BareBones 2020 · OFFERINGS: Artists Respond to the Mourning, Grieving and Fires on Lake Street
Stop Killing Black People
We invite you to view the online feature of Stop Killing Black People: a personal photo journey of the 100th anniversary of the Duluth Lynchings by artist Mary Plaster. For the full albums, visit the artist’s Facebook page.
For her project in OFFERINGS: BareBones 2020, Mary revisited her home city’s violent history and reflected upon it in relation to the recent uprisings on Lake St. Her research on this story took her on a pilgrimage to the four sites associated with victims named Elias Clayton, Elmer Jackson, and Isaac McGhie on June 15, 1920. Captured in the more than 20 photos she has taken, Mary shows the present day state of these sites: the West Duluth circus grounds, the downtown police station, the nearby lamp post corner where the lynching took place, and the East Duluth burial grounds. One image is a historical postcard of Wheeler Field from 1920 which the artist did not take.
Mary noted, “Until recently Duluth was the only site of an African American lynching in Minnesota. I updated my personal knowledge in honor of George Floyd who was killed by Minneapolis police almost exactly 100 years after this horrific event (in addition to similar ongoing national crimes against Black people). After extensive reading and watching a recent documentary I decided to photograph and submit present day locations because I felt it important as a white woman to look at the facts of the timeline squarely, without doing a personal spin on them. Lynching is horrific no matter what race, gender, or age of the victims or whatever tools we terrorists choose for the execution. In all cases the targets of terrorism are innocent of everything besides being young men of African descent.
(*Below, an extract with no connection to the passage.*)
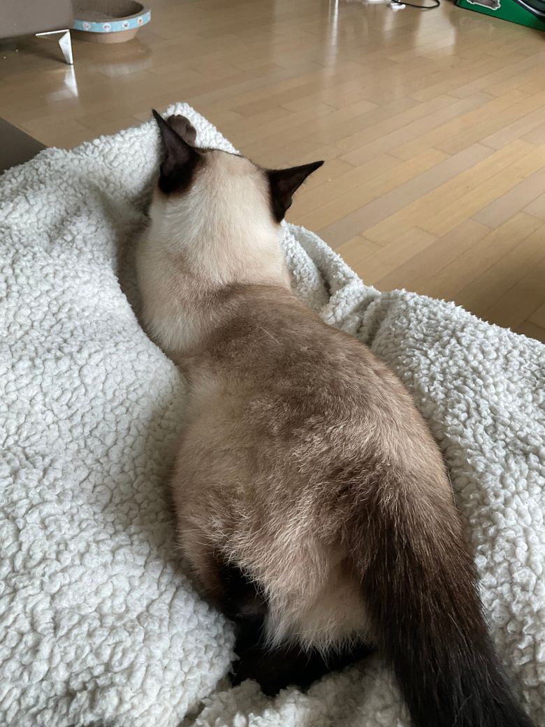 중성화수술을 한 것이라서 발정기가 온 것도 아닌데 이렇게 엉덩이를 보여 주는 자세는 특별한 경우가 아닌 것 같습니다 중성화 수술을 하지 않은 고양이 같으면 발정기가 되어서 이런 행동을 한다고 볼 수 있겠지만 이 고양이는 이미 중성화수술을 했기 때문에 발정기 하고는 전혀 무관한 것 같습니다 그저 편안한 자세로 누워 있는 것이 아닌가 생각됩니다

This narrative is still far too common in the United States as we have been witnessing over and over again. White people need to see that clearly.”
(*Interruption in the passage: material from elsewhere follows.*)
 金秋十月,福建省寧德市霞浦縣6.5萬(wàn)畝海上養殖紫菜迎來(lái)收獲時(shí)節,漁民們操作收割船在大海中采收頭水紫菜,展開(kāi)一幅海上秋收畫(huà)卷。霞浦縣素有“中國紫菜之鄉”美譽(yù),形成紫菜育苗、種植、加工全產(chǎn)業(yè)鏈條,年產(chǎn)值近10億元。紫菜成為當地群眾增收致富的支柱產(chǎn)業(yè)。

I was part of the fundraising efforts for the Clayton Jackson McGhie (CJM) Memorial immediately after I moved to Duluth in 2000. It was my introduction to antiracism training (as the mother of a biracial daughter) and inspired the building my larger-than-life puppet series of historical activists. This public remembrance of lynching, bringing truth to light, remains unique in the United States. Some minor vandalism occurred at the Memorial this spring due to the 100th anniversary and the nationwide demonstrations responding to the murder of George Floyd in South Minneapolis. There is now a historical marker (only a few weeks old) on the actual crime site where a lamppost existed.
The notable changes to the story that I have observed over these 20 years include the release of the actual names of the accusers, Irene Tusken and James Sullivan. Amazingly, they were allowed to live out their lives in relative peace, never confessing to the horrible event that was inspired by their lies. Duluth’s lead police officer discovered and confessed the family secret that the “white girl from West Duluth,” who accused the arrested men, was his great aunt. The first book by Michael Fedo, The Lynchings in Duluth, published in 1979 brought to bear the story that had been forgotten; however, the names were changed to protect the privacy of the individuals. The school teacher, Warren Read, became aware that his grandfather, Louis Dondino, had been the most successful recruiter of the enraged lynch mob that formed so quickly after the rumors had spread. Dondino’s book, The Lyncher in Me, published in 2008 included the actual names.”
Mary also walked Max Skeleton, the giant skeleton marionette down Lake Street to the rubbled 3rd Precinct Station on this past Halloween night. Max Skeleton, created by Mary and Chris Lutter, had originally debuted in the 2017 BareBones.
About the Artist
Mary Plaster is a Minnesota-raised, world-traveled, trans-disciplinary artist with advanced degrees in studio/theatre art and world spirituality/activism. Since 2008, she has been the founding artistic director of Duluth All Souls Night, a multicultural arts festival held in November that transforms grief and has been attracting hundreds of people to the downtown Depot in 2019 and 2020. She has worked for many years with In the Heart of the Beast Puppet and Mask Theatre and BareBones Puppets. Mary lived for four years in central Mexico and traveled to Bali, Europe, India, and South America, observing masks and puppets in ritual. She is currently working online with Miroslav Trejtnar of Puppets in Prague to carve wooden Czech marionettes.